[[ Data open ]]

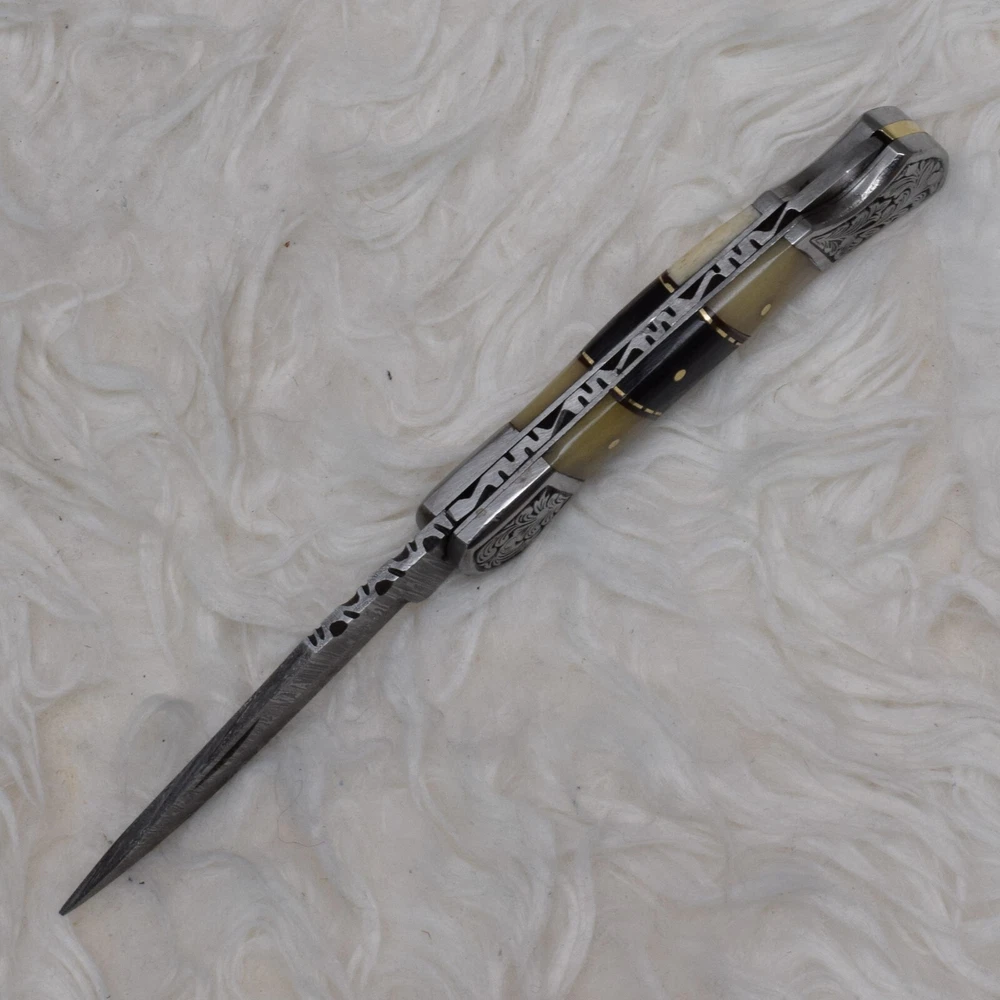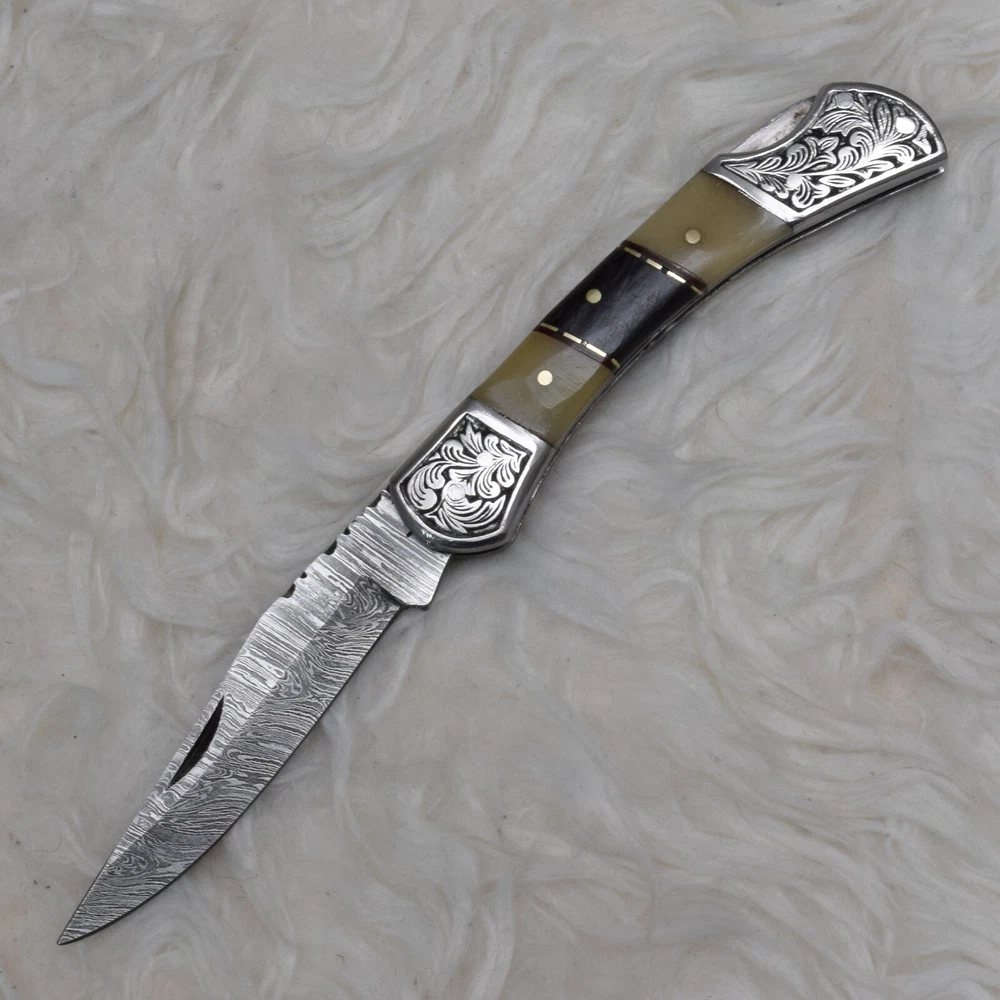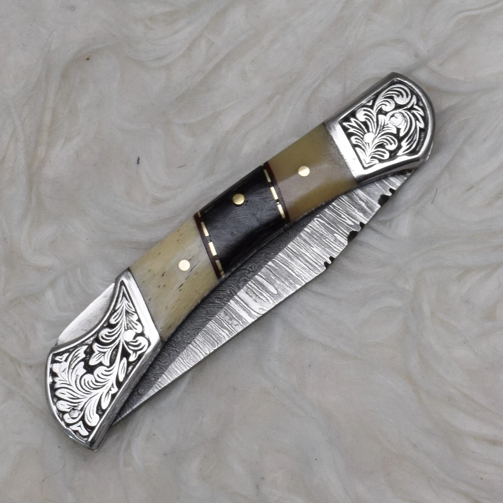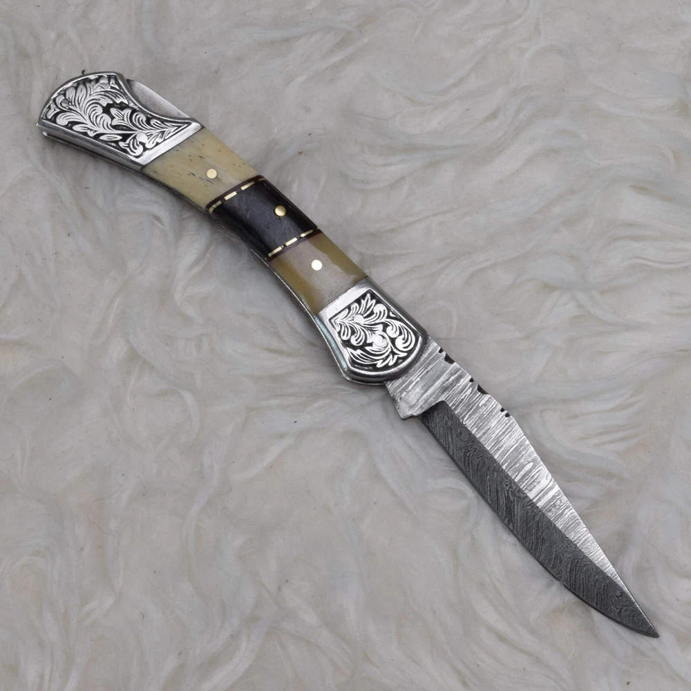 Custom Handmade Damascus Blade Pocket Knife Folding Knife Bone Handle # H-1120
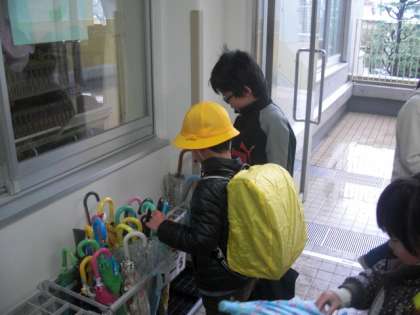 傘の始末や、濡れた靴の下駄箱へのしまい方などの補助を
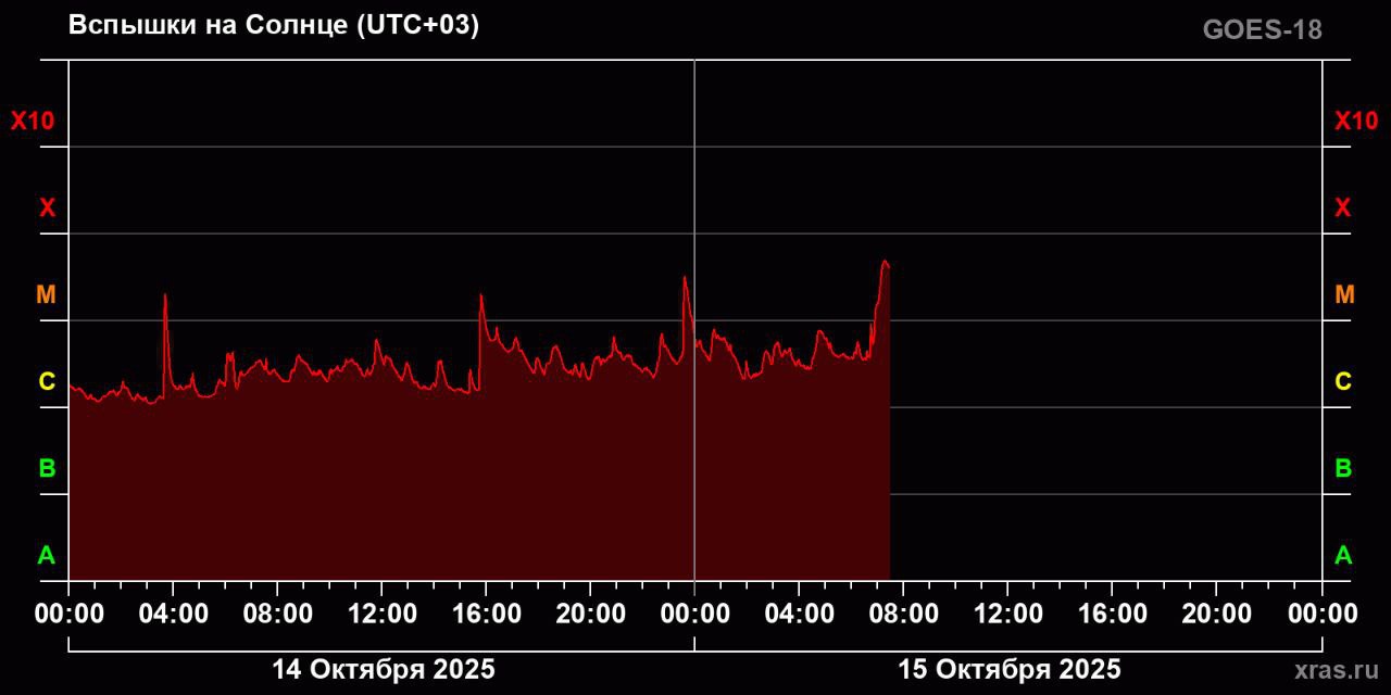 "Графики показывают непрерывный рост фонового излучения Солнца, которое за сутки выросло в 4 раза и приближается к уровню М. Иными словами, Солнце в данный момент даже в отсутствие взрывов формирует потоки рентгеновского излучения на уровне сильных вспышек", — пишут учёные.
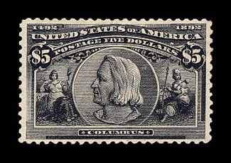 127 og 245 image#245, $5.00 Columbian, handsome mint example of this popular high value commemorative, possessing a desirable overall freshness, with rich color and a prooflike impression on bright paper, very well centered within large margins, full o.g., relatively lightly hinged, very fine and choice; 1975 PF certificate. (Image) $3,100.00
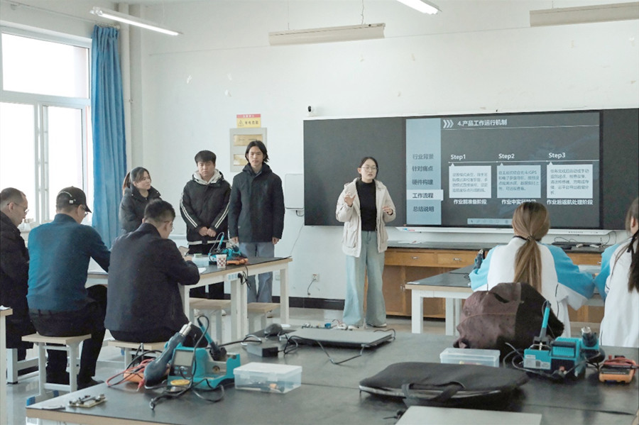 本次大赛严格参照自治区智能电子产品设计与开发赛项标准,深度结合学院农林水专业特色,聚焦物联网、传感器应用、电子装配等技术,要求参赛队伍开发制作以单片机为核心的农林智能控制系统。大赛设置技能展示与项目汇报两大环节,吸引了全院11支队伍40余名师生踊跃参与。其中,2024级无人机应用技术专业“西北雄鹰队”设计的无人船搭载智能水质监测板监测野外水体的创意、2025级智慧水利专业“有亿点菜队”设计的可视化智能漏水用水监测系统,展现出同学们在物联网、传感器技术、单片机技术方面的发展潜能。

[[ Data closed ]]

What you are asked to do:
Each line above starting at the one holding "傘の始末や、濡れた靴の下駄箱へのしまい方などの補助を" and ending at the one holding "127 og 245 image#245, $5.00" should be set down exactly as it stands, both ends included, with no pictures.

Exercise result:
 傘の始末や、濡れた靴の下駄箱へのしまい方などの補助を
 "Графики показывают непрерывный рост фонового излучения Солнца, которое за сутки выросло в 4 раза и приближается к уровню М. Иными словами, Солнце в данный момент даже в отсутствие взрывов формирует потоки рентгеновского излучения на уровне сильных вспышек", — пишут учёные.
 127 og 245 image#245, $5.00 Columbian, handsome mint example of this popular high value commemorative, possessing a desirable overall freshness, with rich color and a prooflike impression on bright paper, very well centered within large margins, full o.g., relatively lightly hinged, very fine and choice; 1975 PF certificate. (Image) $3,100.00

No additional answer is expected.